The OSHA Standard on Logging Operations, codified at 29 CFR Part 1910.266, establishes comprehensive occupational safety and health requirements specifically for the logging industry. Logging is one of the most hazardous industries in the United States — and the data confirms this without ambiguity.
According to the Bureau of Labor Statistics (BLS), logging workers face a fatal injury rate of approximately 82.2 deaths per 100,000 full-time equivalent workers, making it consistently one of the top three most dangerous industries in the nation, alongside fishing and roofing. For context, the all-industry average fatal work injury rate sits around 3.7 per 100,000 full-time equivalent workers — meaning loggers face a fatality risk roughly 22 times higher than the average American worker.

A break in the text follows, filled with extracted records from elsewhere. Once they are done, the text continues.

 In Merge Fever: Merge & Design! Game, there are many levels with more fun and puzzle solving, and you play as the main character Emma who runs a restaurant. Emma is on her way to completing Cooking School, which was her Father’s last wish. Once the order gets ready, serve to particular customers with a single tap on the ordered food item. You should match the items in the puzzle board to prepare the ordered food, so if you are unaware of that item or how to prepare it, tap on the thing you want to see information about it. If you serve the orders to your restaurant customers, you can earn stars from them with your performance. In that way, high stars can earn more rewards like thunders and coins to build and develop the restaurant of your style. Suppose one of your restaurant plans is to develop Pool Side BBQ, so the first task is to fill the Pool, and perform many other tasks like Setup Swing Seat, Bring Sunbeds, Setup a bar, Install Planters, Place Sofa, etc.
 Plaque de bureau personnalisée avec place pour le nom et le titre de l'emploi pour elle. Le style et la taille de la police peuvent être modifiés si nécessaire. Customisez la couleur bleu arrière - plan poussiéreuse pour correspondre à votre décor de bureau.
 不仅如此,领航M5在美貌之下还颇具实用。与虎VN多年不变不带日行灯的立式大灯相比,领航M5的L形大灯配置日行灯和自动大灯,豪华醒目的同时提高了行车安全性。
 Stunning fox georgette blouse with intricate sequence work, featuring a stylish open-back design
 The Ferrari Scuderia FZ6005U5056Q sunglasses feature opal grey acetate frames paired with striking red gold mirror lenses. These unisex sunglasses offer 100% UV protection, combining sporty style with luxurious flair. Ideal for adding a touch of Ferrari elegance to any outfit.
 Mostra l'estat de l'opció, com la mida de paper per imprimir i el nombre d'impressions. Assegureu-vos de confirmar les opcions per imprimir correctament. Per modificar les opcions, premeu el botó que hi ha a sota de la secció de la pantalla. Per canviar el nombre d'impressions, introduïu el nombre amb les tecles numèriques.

The standard covers a broad range of operational requirements, including:
- Pre-work planning and hazard assessments
- Personal protective equipment (PPE) requirements specific to chainsaw operations and falling timber
- Machine guarding and equipment inspection protocols
- Medical services and first aid requirements, given the remote nature of many logging sites
- Training and certification records for equipment operators
- Mustering and accountability procedures in remote and wilderness environments
These aren't bureaucratic checkbox exercises. Each of these requirements exists because someone — likely many people — was seriously injured or killed before the rule was written.
What Is the OMB Approval Extension, and Why Does It Matter?
Under the Paperwork Reduction Act of 1995 (PRA), federal agencies are required to obtain approval from the Office of Management and Budget before collecting information from the public, including employers. This approval is not permanent — it expires on a three-year cycle. When it lapses, agencies must seek renewal, which triggers a mandatory public comment period.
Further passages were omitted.